Начать надо с того, что учитель этих людей не выдумал. Индия его времени была полна ушедшими. Существовало целое движение — шраманы, от глагола со значением «усердствовать, трудиться»: люди, оставившие дом, хозяйство, касту и обязанности перед предками ради одного вопроса.

Вопрос был такой: человек рождается, стареет, умирает — и рождается снова, и так без конца. Старая религия, с жертвами и обрядами, обещала на это хороший следующий заход: правильно принесёшь жертву — родишься в семье получше, а то и у богов поживёшь. Шраманов такой ответ не устраивал в самом корне, потому что и у богов срок кончается, и всё начинается заново. Их интересовало не место в круге, а выход из него. Что нужно понять и что нужно сделать, чтобы этот круг остановился, — вот с чем они ушли из дома, и ради этого им не жалко было ни имущества, ни имени, ни детей, которых они не родят.

Ответы у них были разные, и спорили они между собой яростно. Среди них были джайны с их запретом убивать что бы то ни было, были фаталисты, учившие, что всё предрешено и делать ничего не надо, были откровенные материалисты и были профессиональные спорщики, ходившие из города в город ради диспутов. Молодой человек из знатного рода, ушедший из дома искать выход из круга рождений, не совершал ничего неслыханного. Он поступал так, как поступали тысячи.

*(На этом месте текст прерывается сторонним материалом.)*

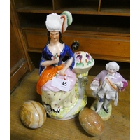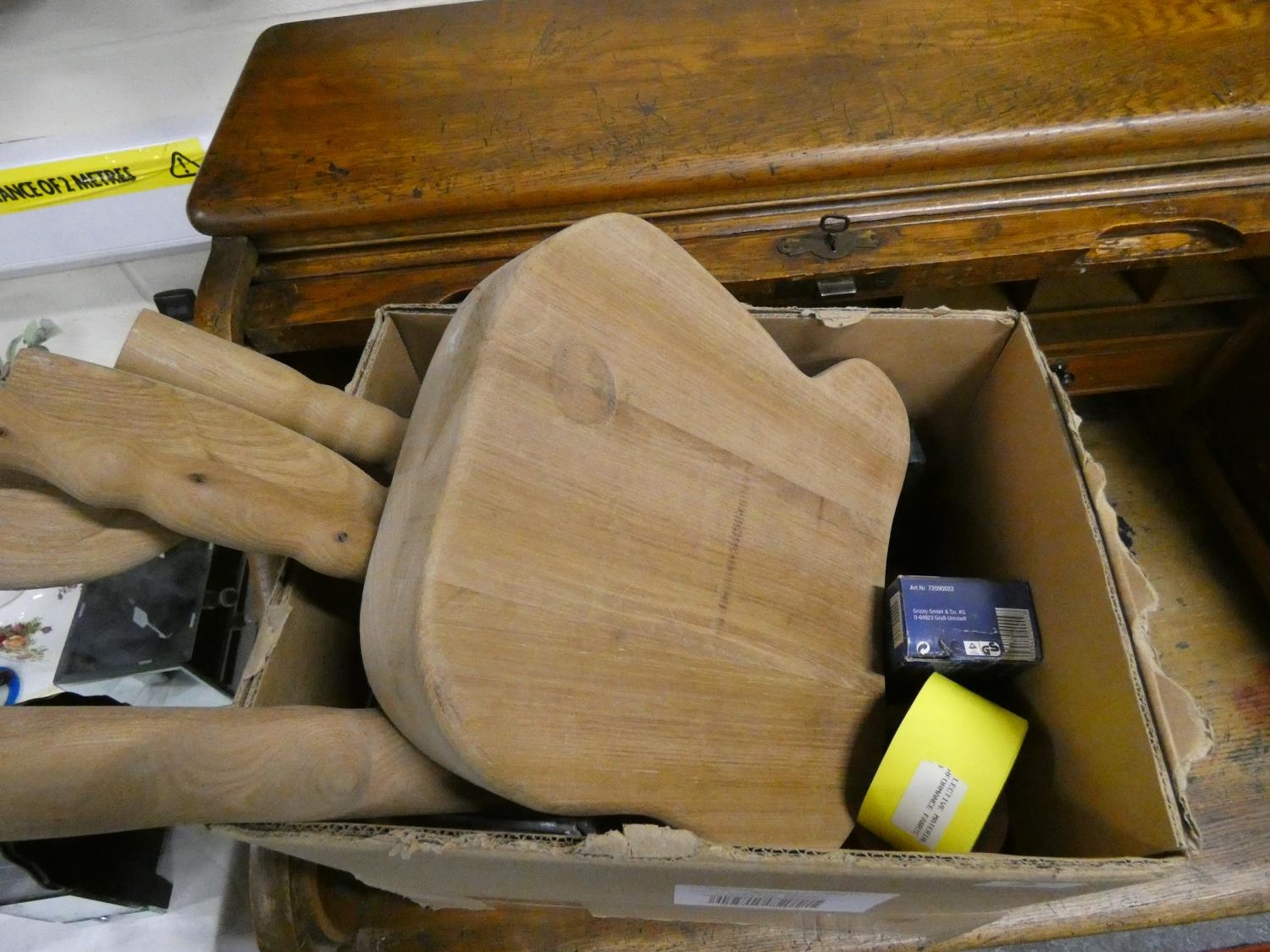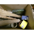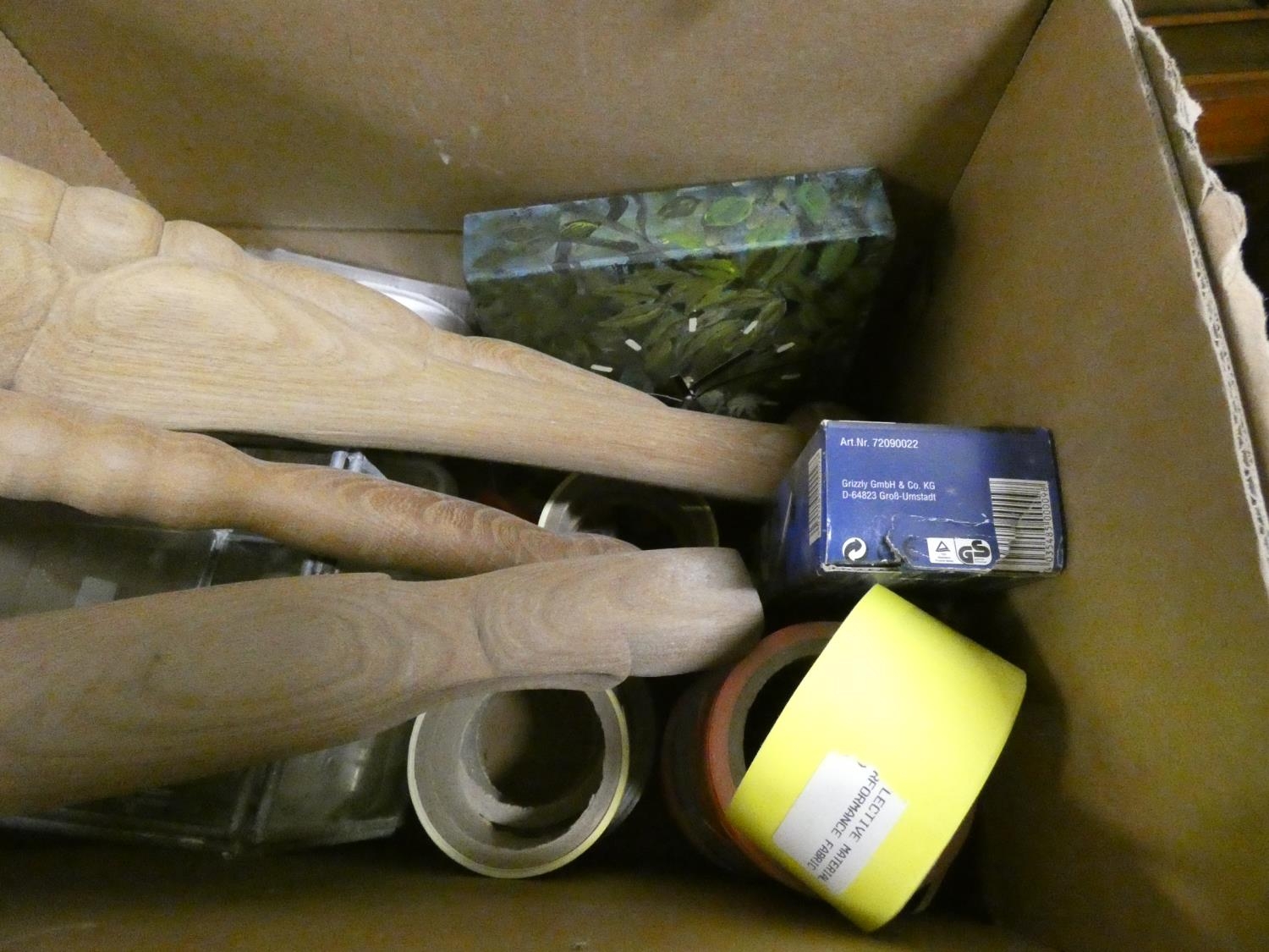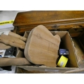 Box of craft items to include part made wooden footstool.

Сам уход выглядел так. Человек обривал голову и бороду — не в знак смирения, а чтобы перестать быть узнаваемым по причёске, которая в Индии сообщала о происхождении и достатке не хуже паспорта. Он снимал свою одежду и надевал другую, сшитую из выброшенных лоскутов и выкрашенную дешёвой краской в тот бурый цвет, который у нас зовут шафрановым. Имущество оставалось семье; с собой брали три одежды, чашу, бритву, иглу, пояс и ситечко, чтобы не проглотить с водой живое существо. Потом произносили короткую формулу: принимаю прибежище в Пробуждённом, в его учении, в общине. Юношу до двадцати лет дальше этого не пускали; полное принятие давало собрание монахов, и у новичка обязательно был наставник, отвечавший за него.

Обряд похож на наш постриг ровно настолько, чтобы сбить с толку. Волосы там и там падают на землю, но означают разное. У нас пострижение волос — знак отдачи себя, жертвы, принятия нового имени, и назад ходу нет. Там оно — снятие примет: с человека убирают всё, по чему видно, чей он сын и сколько у него было. И назад ходу как раз есть, о чём я уже говорил: отросли волосы, вернулся в дом — дело обычное.

Уйти означало вот что: перестать добывать себе пропитание. Бхиккху не пашет, не пасёт, не торгует, не берёт платы за работу, не готовит себе еду и не держит запасов на завтра — ему прямо запрещено. Он живёт тем, что ему кладут в чашу утром. Это выглядит унижением, а работает как освобождение: с человека сняли хозяйство, чтобы у него остались время и голова.

Отсюда сделка, на которой всё держится. Мирянин даёт еду. Ушедший даёт учение. И сверх того подающему засчитывается: община называется полем заслуг — тем полем, куда мирянин сеет доброе дело, чтобы оно взошло в его собственной судьбе. Обе стороны получают своё, и обе стороны нужны друг другу, иначе не выживет ни та ни другая.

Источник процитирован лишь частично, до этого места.